You're close, but of course $np$ is not always an integer, which causes a problem.
Let $f(k) = {n \choose k} p^k (1-p)^{n-k}$ be the probability that there are $k$ successes in your experiment. Then look at the ratio $f(k)/f(k-1)$. You get:
$ {f(k) \over f(k-1)} = {{n \choose k} \over {n \choose k-1}} {p^k \over p^{k-1}} {(1-p)^{n-k} \over (1-p)^{n-k+1}} $
and cancelling powers of $p$ and $1-p$, this is
$ {{n \choose k} \over {n \choose k-1}} {p \over 1-p}. $
Now write the ratio of binomial coefficients in terms of factorials:
$ {{n \choose k} \over {n \choose k-1}} = {n! \over k! (n-k)!} {(k-1)! (n-k+1)! \over n!} = {n! \over n!} {(k-1)! \over k!} {(n-k+1)! \over (n-k)!} = {n-k+1 \over k}. $
Therefore, the original ratio we were interested in is
$ {f(k) \over f(k-1)} = {n-k+1 \over k} {p \over 1-p}. $
This decreases as $k$ increases. In particular, as $k$ increases it goes from being greater than $1$ to less than $1$, and so the sequence $f(0), f(1), \ldots, f(n)$ first increases and then decreases. (This is called being "unimodal".) Now, $f(k) \ge f(k-1)$ if and only if $ {n-k+1 \over k} {p \over 1-p} \ge 1 $ and we'll solve this inequality for k. Clear denominators: $ (n-k+1)p \ge k(1-p) $ Expand: $ np-kp+p \ge k-kp $ Cancel like terms: $ np+1 \ge k $ or $k \le np+p = (n+1)p$. So $f(k)$ increases until $k$ reaches $\lfloor (n+1)p \rfloor$ and then decreases.
For example, consider $k = 1/3, p = 6$. Our formula tells us that $f(k) \ge f(k-1)$ if and only if $k \le (6+1)/3$. So we'll have $f(2) \ge f(1)$ but $f(3) \le f(2)$; that is, 2 is th4e most likely number of successed. And indeed the probabilities $f(0), \ldots, f(6)$ are, in order, $0.088, 0.263, 0.329, 0.219, 0.082, 0.016, 0.001$, confirming the result.
But there's a special case when $(n+1)p$ is an integer. Then if $k = (n+1)p$ we actually get $f(k)/f(k-1) = 1$ -- so $(n+1)p$ and $(n+1)p-1$ are both maxima.
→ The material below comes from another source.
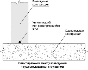 Подготовка основания: Поверхность прилегающих конструкций должна быть крепкой и ровной, очищенной от пыли, грязи, извести, масел, жиров, остатков масляной и эмульсионной красок. На поверхности не должно быть капельной влаги. Для обеспечения герметичности холодные швы и швы с прилегающими конструкциями должны быть уплотнены уплотняющими или расширяющимися жгутами (рис).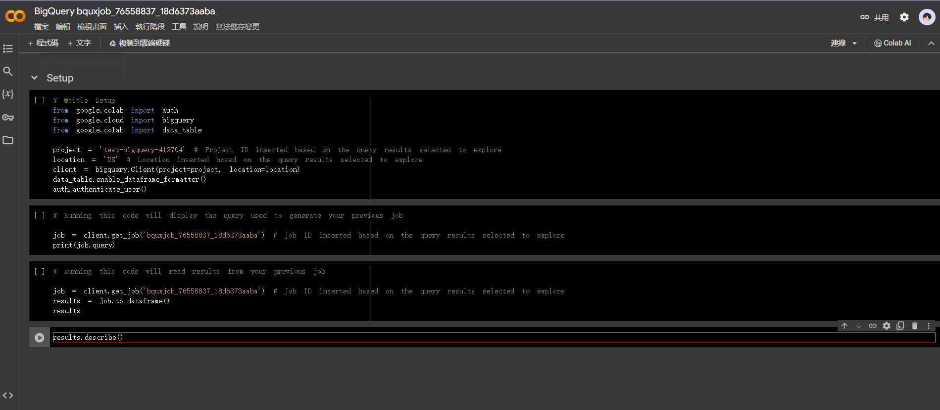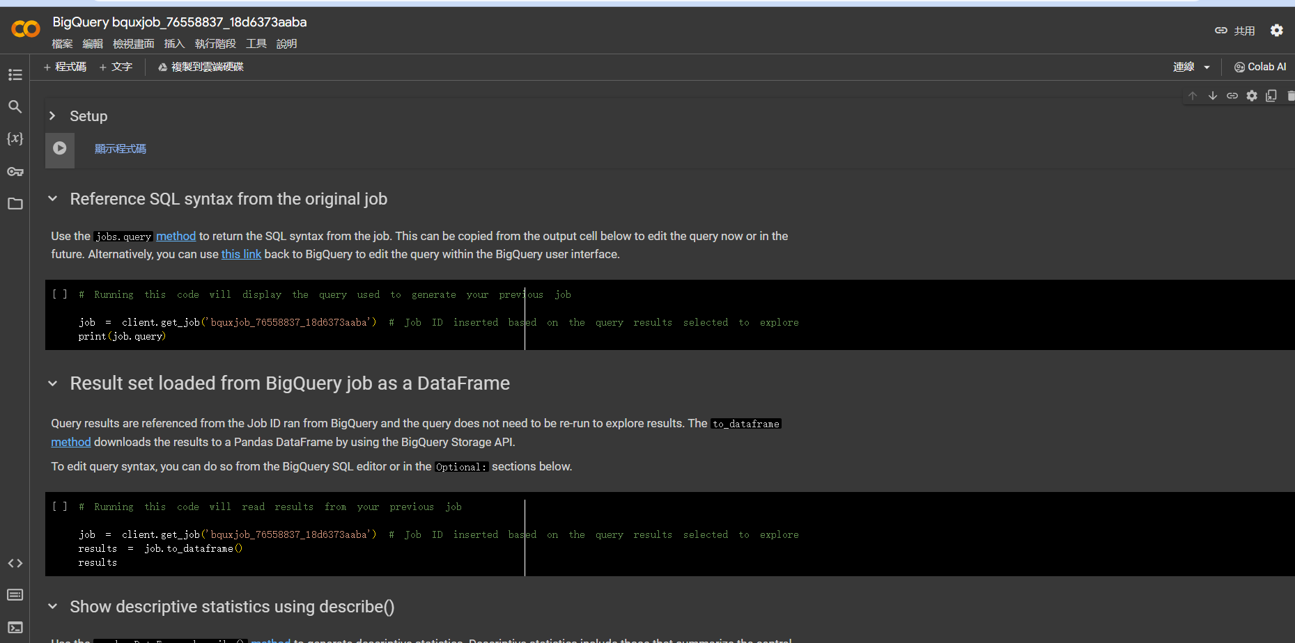 點到第三行,也會有看到來自BigQuery的資料DataFrame。不過這還不是我們要的結果。

The easiest example is when $p = 1/2$ and $n$ is odd -- say $n = 5$ -- then this predicts that $2$ and $3$ are both maxima, which they are. And of course if you flip five coins you expect two and three heads to be equally likely and more likely than any other number.
Since $f(0), f(1), f(2), \ldots, f(n)$ is increasing and then decreasing, the least likely number of successes is either $0$ or $n$. It's $0$ if $p > 1/2$ and $n$ if $p < 1/2$; if $p = 1/2$ then both are equally likely.